Ineligibility Criteria

- Male patients are not eligible for this study. Women with one or more of the following
conditions or prior therapies are also ineligible for this study:

- Tumor that has been determined to be human epidermal growth factor receptor 2
(HER2)-positive by immunohistochemistry (3+) or by fluorescent in situ hybridization
(positive for gene amplification).

- Contralateral breast cancer (invasive or DCIS) or a mass or mammographic abnormality
in the opposite breast suspicious for malignancy unless there is biopsy proof that the
mass is not malignant.

- Primary tumor staged as T4 for any reason.

- Clinical nodal stages including cN2b and cN3 or pathologic nodal stages including
pN0(i+), pN2b, pN3b with clinically apparent internal mammary nodes, or pN3c.

- Suspicious nodes in the contralateral axilla or suspicious supraclavicular nodes.
Patients with these conditions are considered ineligible unless there is biopsy
evidence that these are not involved with tumor.

- Prior history of breast cancer, including DCIS (patients with a history of LCIS are
eligible).

- Treatment, including radiation therapy, chemotherapy, and/or hormonal therapy
administered for the currently diagnosed breast cancer prior to randomization.
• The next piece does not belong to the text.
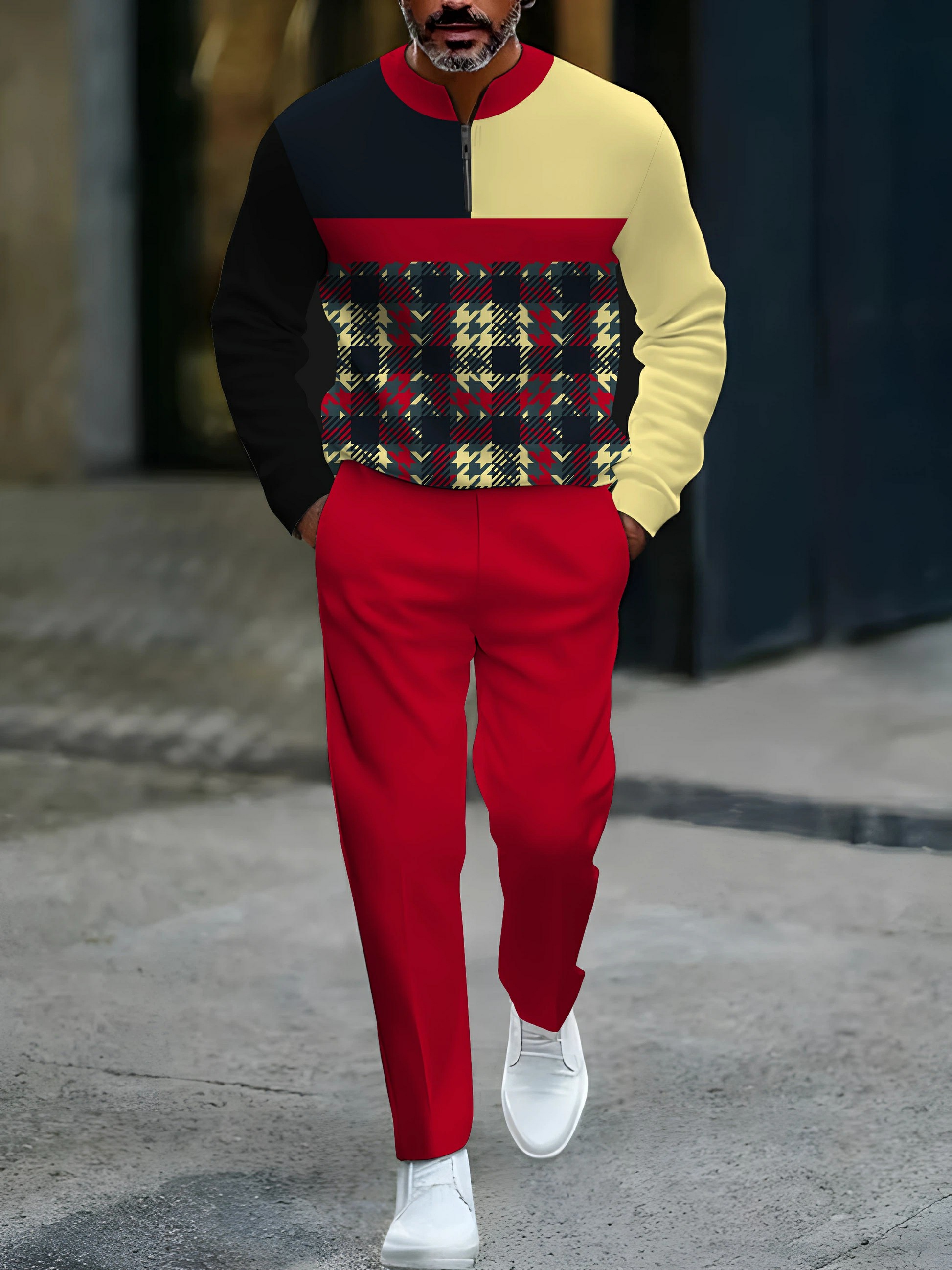 Men's Casual Red Yellow Navy Color Matching Geometric Printed Round-Neck Zipper Long Sleeved Tops & Trousers Two-Piece Set

One
exception is hormonal therapy, which may have been given for up to a total of 28 days
anytime after diagnosis and before study entry. In such a case, hormonal therapy must
stop at or before randomization and be re-started, if indicated, following
chemotherapy. A second exception is radiation therapy for patients enrolled in NSABP
B-39 and assigned to partial breast irradiation (Group 2). These patients may have
received RT prior to B-38 study entry.

- Prior therapy with anthracyclines or taxanes for any malignancy.
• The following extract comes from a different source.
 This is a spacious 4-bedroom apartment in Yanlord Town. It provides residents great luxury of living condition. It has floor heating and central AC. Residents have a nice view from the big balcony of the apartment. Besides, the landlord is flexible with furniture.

- Any sex hormonal therapy, e.g., birth control pills, ovarian hormonal replacement
therapy, etc. (These patients are eligible if this therapy is discontinued prior to
randomization.)

- Therapy with any hormonal agents such as raloxifene (Evista®), tamoxifen, or other
selective estrogen-receptor modulators (SERMs), either for osteoporosis or breast
cancer prevention. (Patients are eligible only if these medications are discontinued
prior to randomization.

- Cardiac disease that would preclude the use of anthracyclines. This includes:

- history of myocardial infarction documented by elevated cardiac enzymes or
regional wall abnormalities on assessment of left ventricular (LV) function;

- angina pectoris that requires the use of anti-anginal medication;

- any history of documented congestive heart failure;

- serious cardiac arrhythmia requiring medication;

- severe conduction abnormality;

- valvular disease with documented cardiac function compromise; and

- uncontrolled hypertension defined as blood pressure greater than 160/100 on
antihypertensive therapy.

- Conditions that would prohibit administration of corticosteroids.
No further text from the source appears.